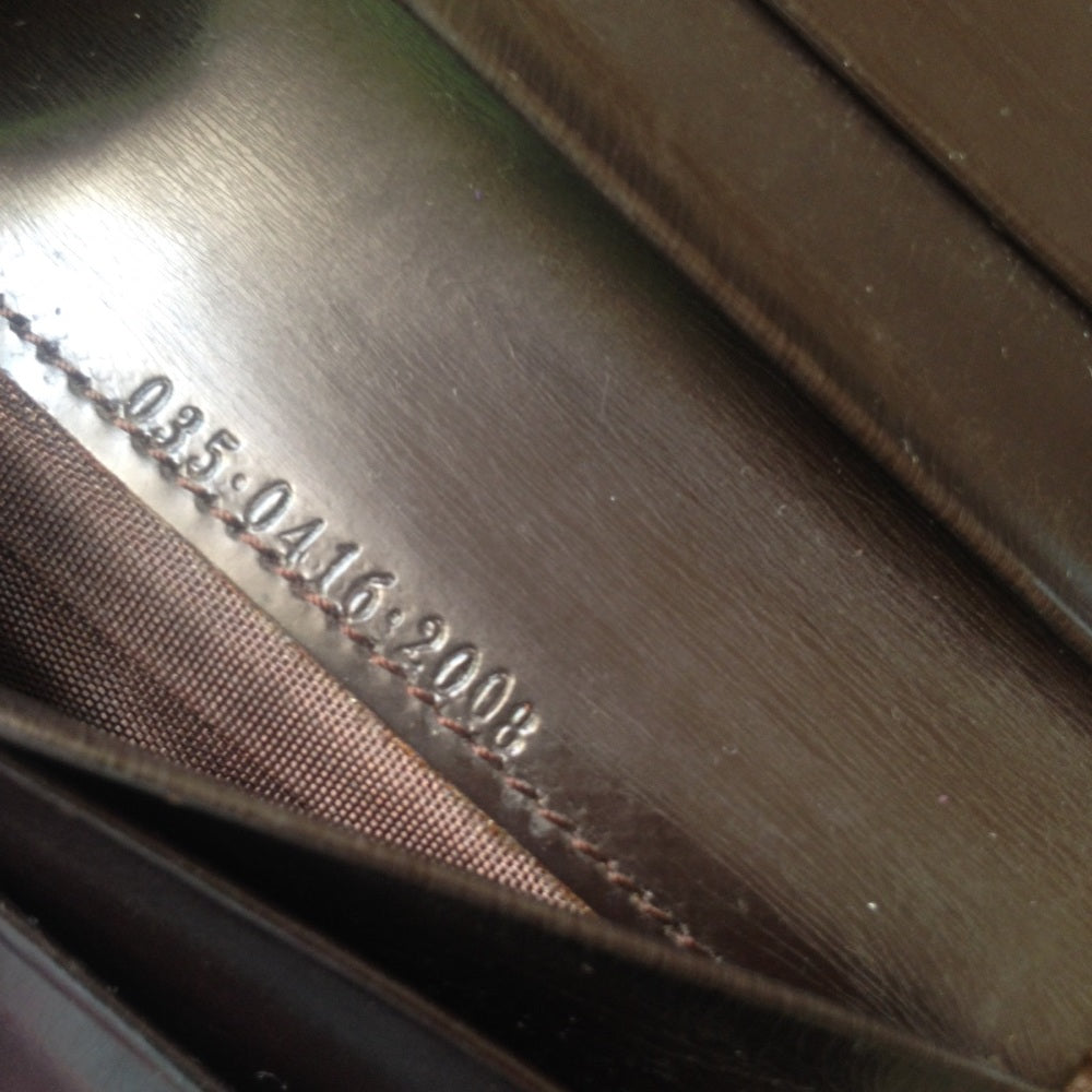 This is a beautiful Pre-owned tri-fold wallet made dark brown enamel with leather. Interior. It has pocket for coins, keys, slots for bills, IDs, Credit cards, business cards, etc.This wallet is in good condition with minimal edge wear on folded area, soiling or discoloration as shown in photos. It is marked: Gucci, Made in Italy with SN shown in last photo as 035-0416-2008.
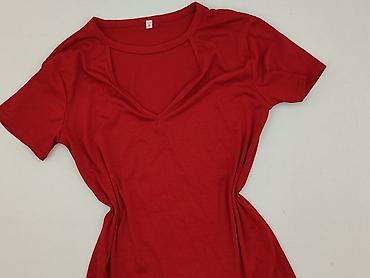 Czerwona sukienka damska z krótkim rękawem, rozmiar S. - Fason: ołówkowy, długość midi/przed kolano - Dekolt: okrągły - Rękawy: krótkie, podwijane mankiety - Detal: marszczenie/zakładka w talii, p...
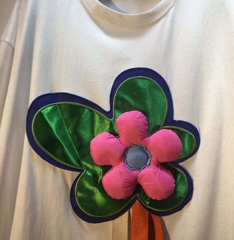[EWQ] スプライシング 3D フラワー Tシャツ コントラストカラー半袖ルーズ因果 Tシャツトップ夏潮 Tシャツ 070 ショート ハーフスリーブ サマー 夏物 フラワーデザイン

=== What to do ===
Pictures aside, the material must be written out word for word.

=== Written reply ===
 This is a beautiful Pre-owned tri-fold wallet made dark brown enamel with leather. Interior. It has pocket for coins, keys, slots for bills, IDs, Credit cards, business cards, etc.This wallet is in good condition with minimal edge wear on folded area, soiling or discoloration as shown in photos. It is marked: Gucci, Made in Italy with SN shown in last photo as 035-0416-2008.
 Czerwona sukienka damska z krótkim rękawem, rozmiar S. - Fason: ołówkowy, długość midi/przed kolano - Dekolt: okrągły - Rękawy: krótkie, podwijane mankiety - Detal: marszczenie/zakładka w talii, p...
[EWQ] スプライシング 3D フラワー Tシャツ コントラストカラー半袖ルーズ因果 Tシャツトップ夏潮 Tシャツ 070 ショート ハーフスリーブ サマー 夏物 フラワーデザイン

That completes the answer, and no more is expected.